> Instructions to follow
Below are lines of records; copy exactly those from the one containing "У нас 14 благополучателей" through the one containing "Visualmente, Wuchang: Fallen", leaving the pictures behind.

Dataset extract: Begin

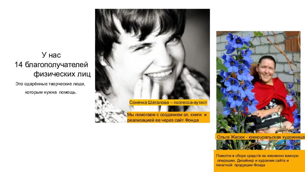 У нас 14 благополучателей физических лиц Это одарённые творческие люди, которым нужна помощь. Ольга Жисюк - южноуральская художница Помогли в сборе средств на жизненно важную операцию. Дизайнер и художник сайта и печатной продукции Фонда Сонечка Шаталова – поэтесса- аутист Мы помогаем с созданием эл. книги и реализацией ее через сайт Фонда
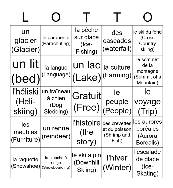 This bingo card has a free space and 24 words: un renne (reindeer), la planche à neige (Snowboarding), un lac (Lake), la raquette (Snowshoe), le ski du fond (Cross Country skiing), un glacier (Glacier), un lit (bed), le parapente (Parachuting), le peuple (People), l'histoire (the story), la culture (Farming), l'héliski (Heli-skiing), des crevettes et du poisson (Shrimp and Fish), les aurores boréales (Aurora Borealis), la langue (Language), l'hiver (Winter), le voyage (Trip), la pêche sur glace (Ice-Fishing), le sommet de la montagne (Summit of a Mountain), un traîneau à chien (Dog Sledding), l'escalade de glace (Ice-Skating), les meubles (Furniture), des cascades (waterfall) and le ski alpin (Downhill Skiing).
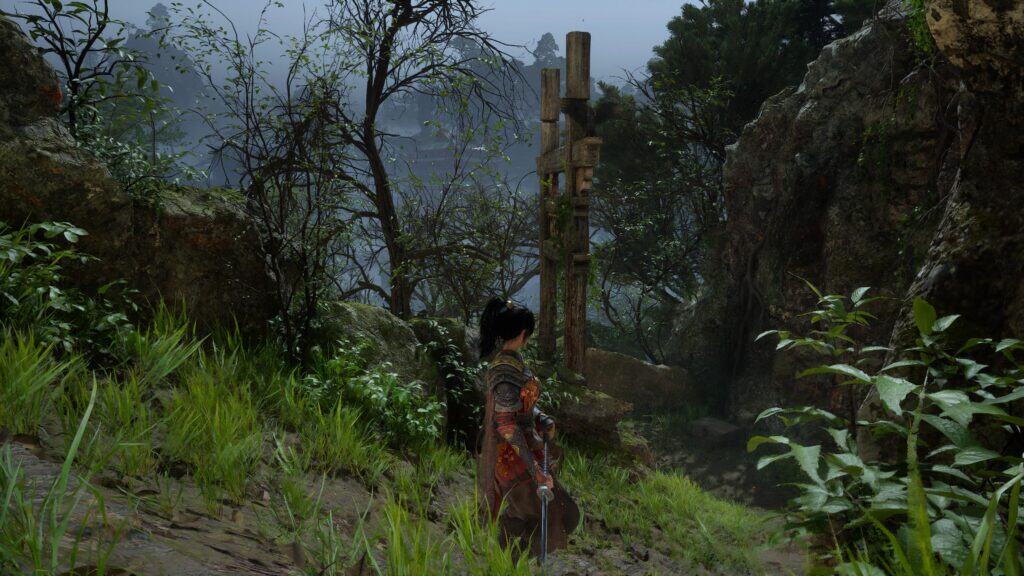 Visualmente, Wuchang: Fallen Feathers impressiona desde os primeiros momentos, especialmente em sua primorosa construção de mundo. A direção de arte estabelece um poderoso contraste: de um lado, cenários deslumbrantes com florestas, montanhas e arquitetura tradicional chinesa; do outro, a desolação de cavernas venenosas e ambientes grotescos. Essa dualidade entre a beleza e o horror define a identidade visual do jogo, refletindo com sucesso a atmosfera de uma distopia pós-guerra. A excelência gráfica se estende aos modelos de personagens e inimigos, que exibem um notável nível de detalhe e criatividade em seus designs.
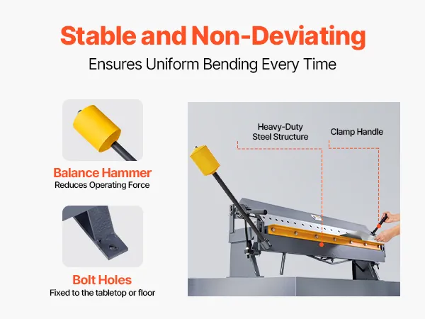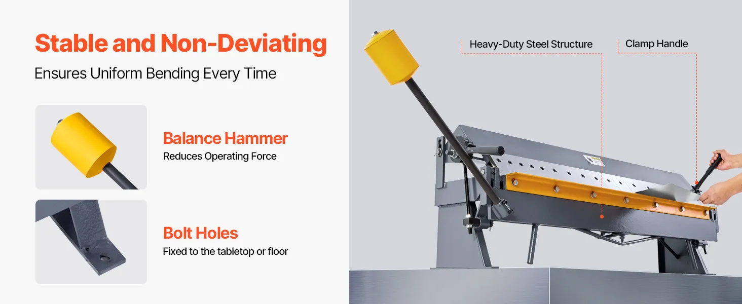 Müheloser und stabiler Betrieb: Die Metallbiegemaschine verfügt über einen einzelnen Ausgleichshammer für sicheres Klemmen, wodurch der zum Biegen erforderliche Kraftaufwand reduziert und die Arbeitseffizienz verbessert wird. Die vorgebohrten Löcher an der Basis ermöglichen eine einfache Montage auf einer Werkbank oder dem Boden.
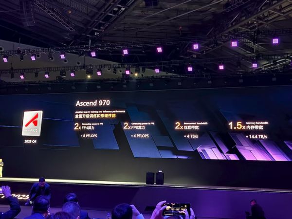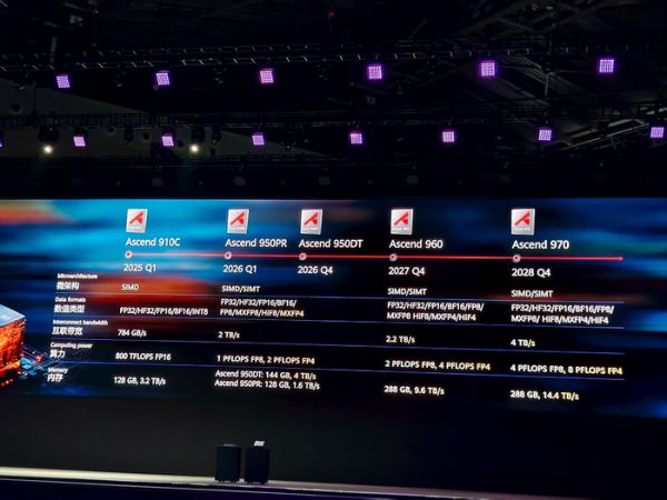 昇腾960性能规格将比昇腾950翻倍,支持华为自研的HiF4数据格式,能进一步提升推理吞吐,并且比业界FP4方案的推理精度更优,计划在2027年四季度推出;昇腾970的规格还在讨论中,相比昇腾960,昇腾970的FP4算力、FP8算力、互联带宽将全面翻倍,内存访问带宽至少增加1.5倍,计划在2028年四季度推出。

Dataset extract: End
Dataset extract: Begin

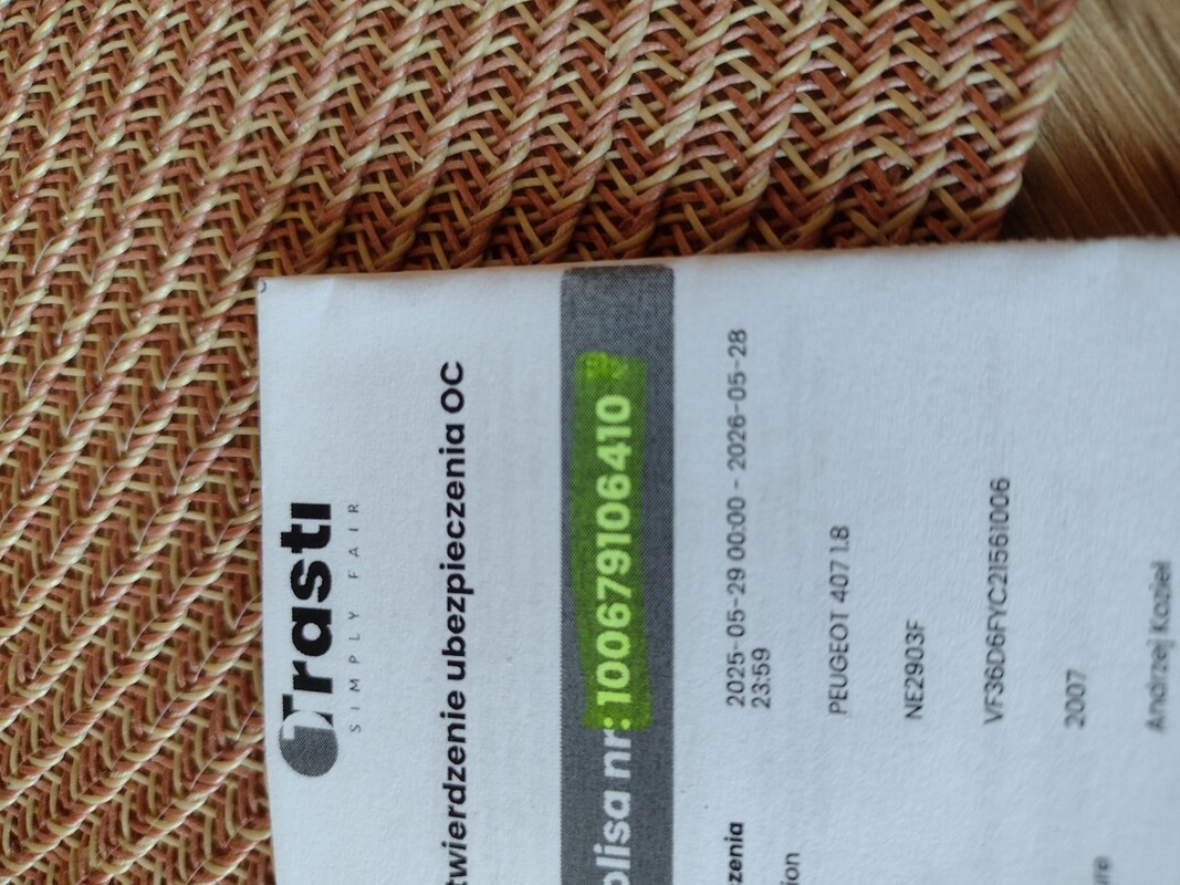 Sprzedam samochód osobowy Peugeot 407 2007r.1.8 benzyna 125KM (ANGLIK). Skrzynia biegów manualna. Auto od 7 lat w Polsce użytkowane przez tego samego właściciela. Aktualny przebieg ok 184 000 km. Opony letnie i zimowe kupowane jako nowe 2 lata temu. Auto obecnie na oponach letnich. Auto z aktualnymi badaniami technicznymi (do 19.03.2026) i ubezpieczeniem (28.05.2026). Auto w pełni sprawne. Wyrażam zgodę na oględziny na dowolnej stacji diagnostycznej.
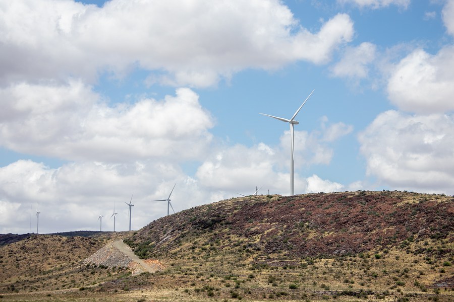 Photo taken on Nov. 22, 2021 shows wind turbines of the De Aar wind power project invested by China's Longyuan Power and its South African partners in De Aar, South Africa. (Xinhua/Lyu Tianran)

Dataset extract: End

> Task response
 У нас 14 благополучателей физических лиц Это одарённые творческие люди, которым нужна помощь. Ольга Жисюк - южноуральская художница Помогли в сборе средств на жизненно важную операцию. Дизайнер и художник сайта и печатной продукции Фонда Сонечка Шаталова – поэтесса- аутист Мы помогаем с созданием эл. книги и реализацией ее через сайт Фонда
 This bingo card has a free space and 24 words: un renne (reindeer), la planche à neige (Snowboarding), un lac (Lake), la raquette (Snowshoe), le ski du fond (Cross Country skiing), un glacier (Glacier), un lit (bed), le parapente (Parachuting), le peuple (People), l'histoire (the story), la culture (Farming), l'héliski (Heli-skiing), des crevettes et du poisson (Shrimp and Fish), les aurores boréales (Aurora Borealis), la langue (Language), l'hiver (Winter), le voyage (Trip), la pêche sur glace (Ice-Fishing), le sommet de la montagne (Summit of a Mountain), un traîneau à chien (Dog Sledding), l'escalade de glace (Ice-Skating), les meubles (Furniture), des cascades (waterfall) and le ski alpin (Downhill Skiing).
 Visualmente, Wuchang: Fallen Feathers impressiona desde os primeiros momentos, especialmente em sua primorosa construção de mundo. A direção de arte estabelece um poderoso contraste: de um lado, cenários deslumbrantes com florestas, montanhas e arquitetura tradicional chinesa; do outro, a desolação de cavernas venenosas e ambientes grotescos. Essa dualidade entre a beleza e o horror define a identidade visual do jogo, refletindo com sucesso a atmosfera de uma distopia pós-guerra. A excelência gráfica se estende aos modelos de personagens e inimigos, que exibem um notável nível de detalhe e criatividade em seus designs.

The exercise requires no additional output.